Before troubling the developers too much, I'd like to collect more
information, however, the problem is the hangs occur without any
"loglvl=all guest_loglvl=all" and "loglevel=10 debug initcall_debug"
respectively.
When the hang occurs, all domUs and dom0 just stop responding to
key presses, networking and there is no IO activity. Nothing gets
generated in the console/logs (no symptoms either, no logs out of the
ordinary). Even hitting ctrl+a multiple times in the console does
nothing (indicating xen is dead too). On the video console, we just
have a blinking cursor after the last console log (though my
understanding is that the cursor blink might be generated by the video
card rather than any indication that at least something is still
running). If the hardware WDT is on, the watchdog eventually bites and
reboots the system.
Although I believe it isn't related (since dom0 stalls too, and
we're looking at a completely stalled system rather than just domUs
having issues with disk IO), I added "gnttab_max_frames=256" to the
xen boot arguments anyway. Didn't seem to change anything.
Then, grasping at straws, I turned off HWPM in BIOS, which we had
to do so on another machine hosting VMware ESX, obviously didn't seem
to change anything either.
At this point, I'd like to know what is the best way to approach
this? Can I enable further levels of debugging so that I can even
begin to look towards a certain culprit? Is there a good way to
determine if it may be the hardware?
I've tried running the same kernel without xen and just simulating
heavy IO on the disk array without issues, which leans me towards xen
being part of the equation. But then again, doing random file
read/writes isn't a good simulation of the type of workload the domUs
put on the server.
OS: Debian Buster
Kernel: 4.17.0-1-amd64
Xen: 4.8.4-pre (Debian 4.8.3+xsa267+shim4.10.1+xsa267-1+deb9u9)
CPU: Xeon E5-2699 v4
RAM: Samsung 96GB ECC Registered
MB: Supermicro X10SRi-F
In case it is relevant, since it might be IO related...
Net: Chelsio T520-CR (2 x XGB links, shared to domU using VF)
RAID: LSI SAS3224 with 10 SAS3 drives
Warm regards,
Liwei
_______________________________________________
Xen-users mailing list
https://lists.xenproject.org/mailman/listinfo/xen-users

In my experience, as a non-Xen user on nearly the identical motherboard
(X10SRA), I would suggest the motherboard.

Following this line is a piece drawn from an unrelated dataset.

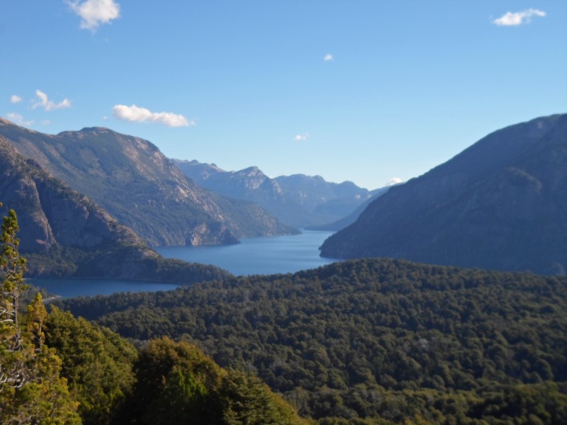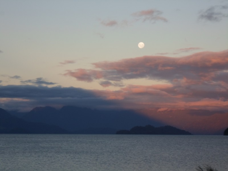 Unser nächstes Ziel war Bariloche – oder wie es komplett heisst: San Carlos de Bariloche. Wir hatten uns eine Route durch zwei Nationalparks auf chilenischer und argentinischer Seite ausgesucht und mussten dazu mit drei Fähren fahren. Zwischen der ersten und zweiten Fähre war ein ca. 30 km langes Stück Schotterstrasse, das auch noch über einen Pass führte. Nach zähen Verhandlungen stimmten wir der Lösung des Angestellten zu. Unser Gepäck sollten wir mit in den Bus nehmen, die Velos würden sie an der Grenze (oben auf dem Pass, 4 km vor dem nächsten See) deponieren, von da müssten wir wieder selber fahren. Das war zwar saumässig unlogisch, aber was soll’s… Wir vereinbarten allerdings mit dem Busfahrer, dass er zumindest das Gepäck doch noch bis zur nächsten Fähre transportiert und machten uns mit unbepackten Rädern auf die Abfahrt. Am See mussten wir erst die Zollangelegenheiten erledigen, danach wurden wir von Mücken beinahe aufgefressen. Unglaublich, dass sich diese Dinger nicht an die Packungsanweisung halten können. Schliesslich hatte ich den Insektenschutz doch extra auf spanisch gekauft. Am nächsten Morgen zählte ich 15 Stiche – das waren allerdings nur jene, die durch die Radlerhosen gingen! Von der letzten Fähre konnten wir erst um ca. 20.00 runter und die 25 km nach Bariloche schienen uns im hügeligen Gebiet zu weit. Auch zum nächsten Campingplatz waren es noch 10 km. Wir folgten einem B+B-Schild, allerdings war dieses Haus schon voll belegt. Etwas weiter lag direkt an der Strasse die Hosteria Katy und diesmal hatten wir Glück.

I've purchased 4 of these boards and run various Windows and Linux
kernels. They all have different CPUs (some Retail, some Engineering
Samples), different ECC ram and different storage setups (some using
onboard SATA, some using on LSI cards, etc).

They all, every single one of them, experience random hard-lockups just
like you describe: becomes completely unresponsive, screen freezes, etc.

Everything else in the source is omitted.